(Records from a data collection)
::::

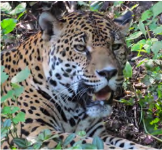
In order to conserve the biodiversity of Guatemala the rate of deforestation in the country has to decline.

Forest landscape restoration and conservation are important mainstays to protect biodiversity, the climate and, ultimately, human beings. In the last 40 years, Guatemala has lost almost half of its rainforest. This needs to stop. Only a cooperation with the local population allows for a long-term promotion of forest restoration and conservation and the concurrent establishment of alternative sources of income.
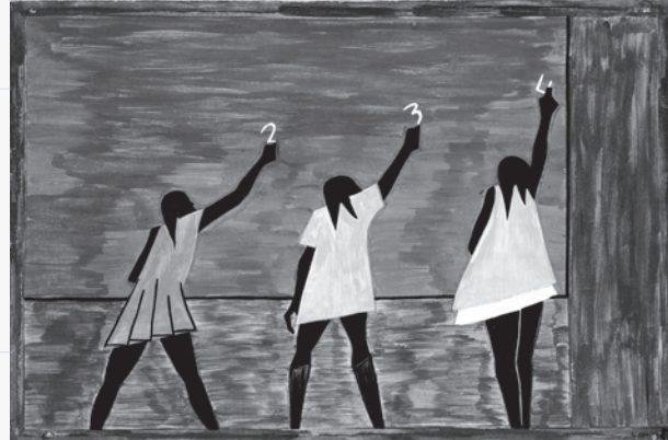
Jacob Lawrence. In the North the Negro had better educational facilities . 1940–41

Edward Hopper (1882–1967) studied illustration and painting at the New York Institute of Art and Design, where he and his fellow students were encouraged to create realistic depictions of modern life. Because abstraction reigned supreme then, many critics considered Hopper and his colleagues to be painting in a style that was all but obsolete. Eventually, though, his work came to be considered an important precursor to a generation of Pop artists and Photo-Realist painters. Most of Hopper’s paintings concentrate on the subtle interactions of human beings with each other and/or their surroundings.
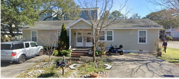
3617 Dupont Circle. 1950 vernacular.
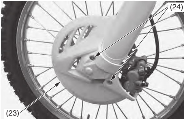
(23) disc cover (24) disc cover socket bolts
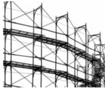
Joe Feddersen Scaffolding 2004 Woven waxed linen 5 ½ x 4 x 4 in
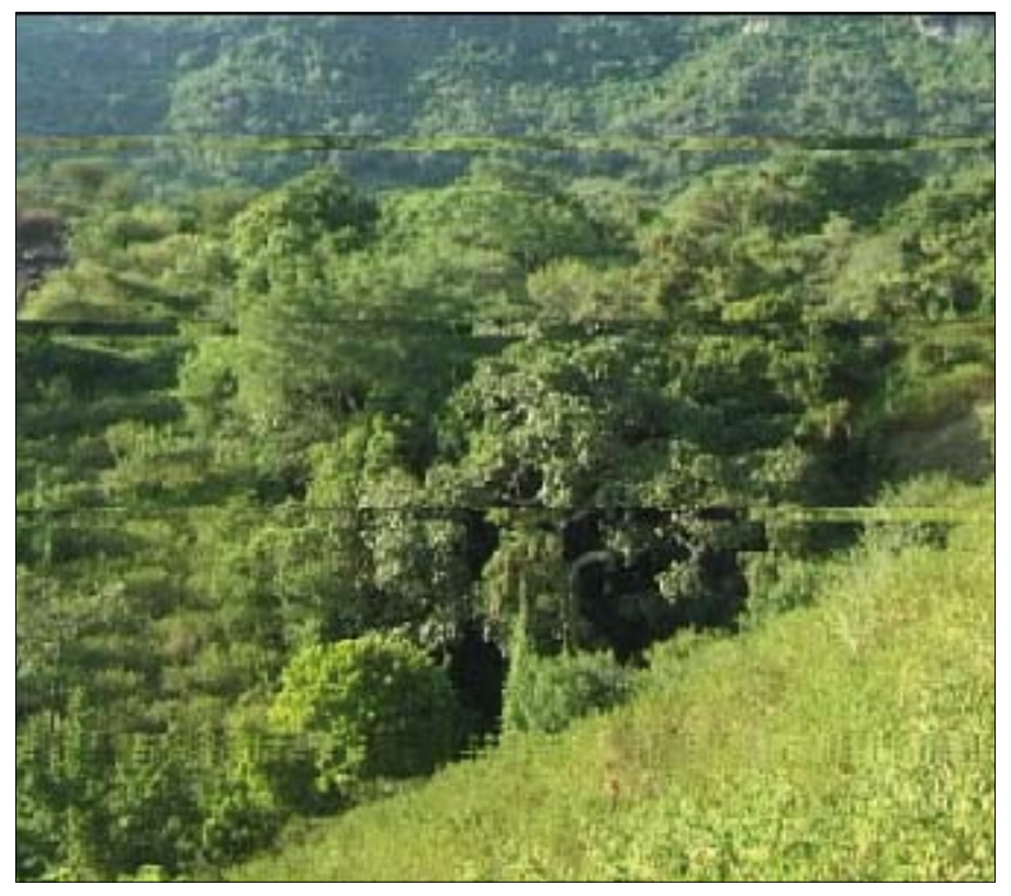
In western Kenya communities had rules to protect forests associated with rivers and streams, which they recognized as shrines. This forest cover protects River Chalua in Mfangano. The forest itself was protected by strong traditional rules and prohibitions. The river is still intact, while others have disappeared where the forest cover was not protected.

as Kenya's Nyanza Luo and Suba Abasuba, Western Banyala in Budalang'i, Coast's Pokomo and Mijikenda along the Tana River and the Swahili people along the Indian Ocean, have used water resources as the basis for their livelihood. The practices and technologies these communities have adapted were geared towards sustainable harvesting of the aquatic resources. The communities in the Lake Victoria basin, for instance, had rules for fishing to ensure sustainable harvesting of fish from the lake. There were strict rules on sizes of nets, types of traps and methods of fishing for specific periods of the year. Any young fish caught by mistake was thrown back into
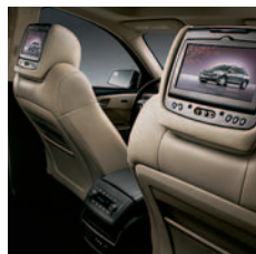
Dual Headrest DVD System
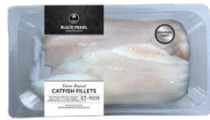
#2578 CATFISH FILLETS 12/8 oz
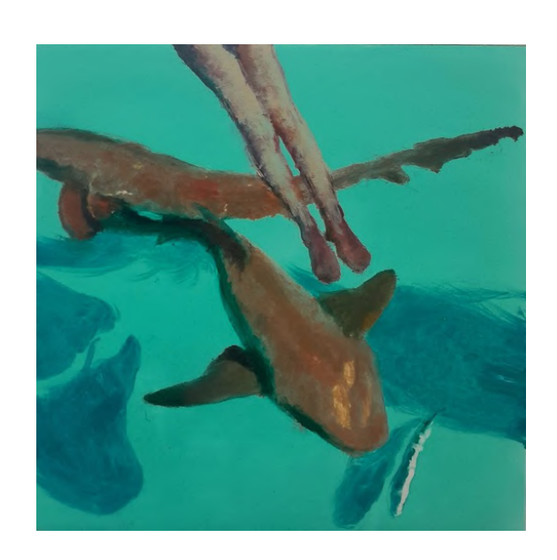
CLARE MENCK Nurse sharks & naked pair of legs, 2024 Monotype Framed: 46.7 x 46.7 x 2.2 cm ZAR 8,000
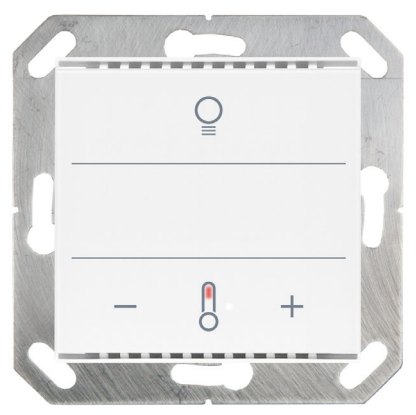
Cala KNX Multitouch T Light Item numbers 70950 (white), 70952 (black)
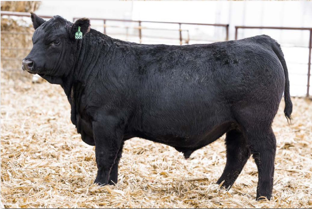
TSN ICONIC N356 Sells as Lot 2.

LOT 2 TSN ICONIC N356 1/2 SM 1/2 AN Hetero Black Homo Polled ASA #4564185 N356 BD: 1/26/2025
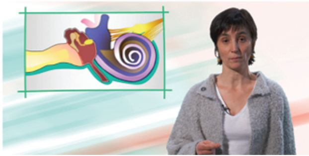
Fig. 1 Illustration of hearing in the module 8 “protect your hearing.”
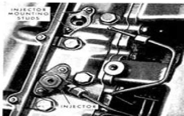
Figure 7 Diesel Engine Injector Removed
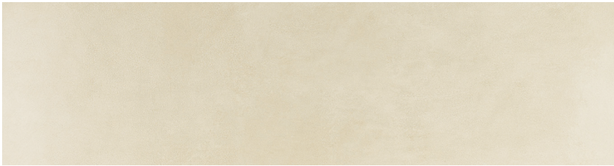
Bianco - F6385 - 3+ (Walls) - Stocking

Neutral colors and delicate nuances mark the face of Calce, a line inspired by wet plaster and concrete. The combination results in a soft, chalky visual that is both sophisticated and thoroughly contemporary.
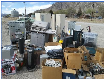
Electronic waste recycling day
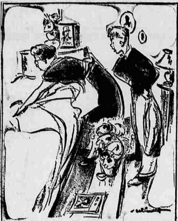
Yes, but I'm almost old enough to enlist in the Marines! I feel like Benedict Arnold when everybody asks how my sister doing in the WAAGS!
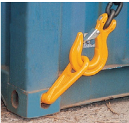
Figures 2 & 3: Typical Side Lifting Lugs, showing top and bottom arrangements.

Note: with certain types and/or size of container it is not permitted to use this method of lifting. For further guidance refer to tables 1, 2, and 5 of ISO 3874

::::

Among the lines above, find those carrying the word "Guatemala" and copy them out.

In order to conserve the biodiversity of Guatemala the rate of deforestation in the country has to decline.
Forest landscape restoration and conservation are important mainstays to protect biodiversity, the climate and, ultimately, human beings. In the last 40 years, Guatemala has lost almost half of its rainforest. This needs to stop. Only a cooperation with the local population allows for a long-term promotion of forest restoration and conservation and the concurrent establishment of alternative sources of income.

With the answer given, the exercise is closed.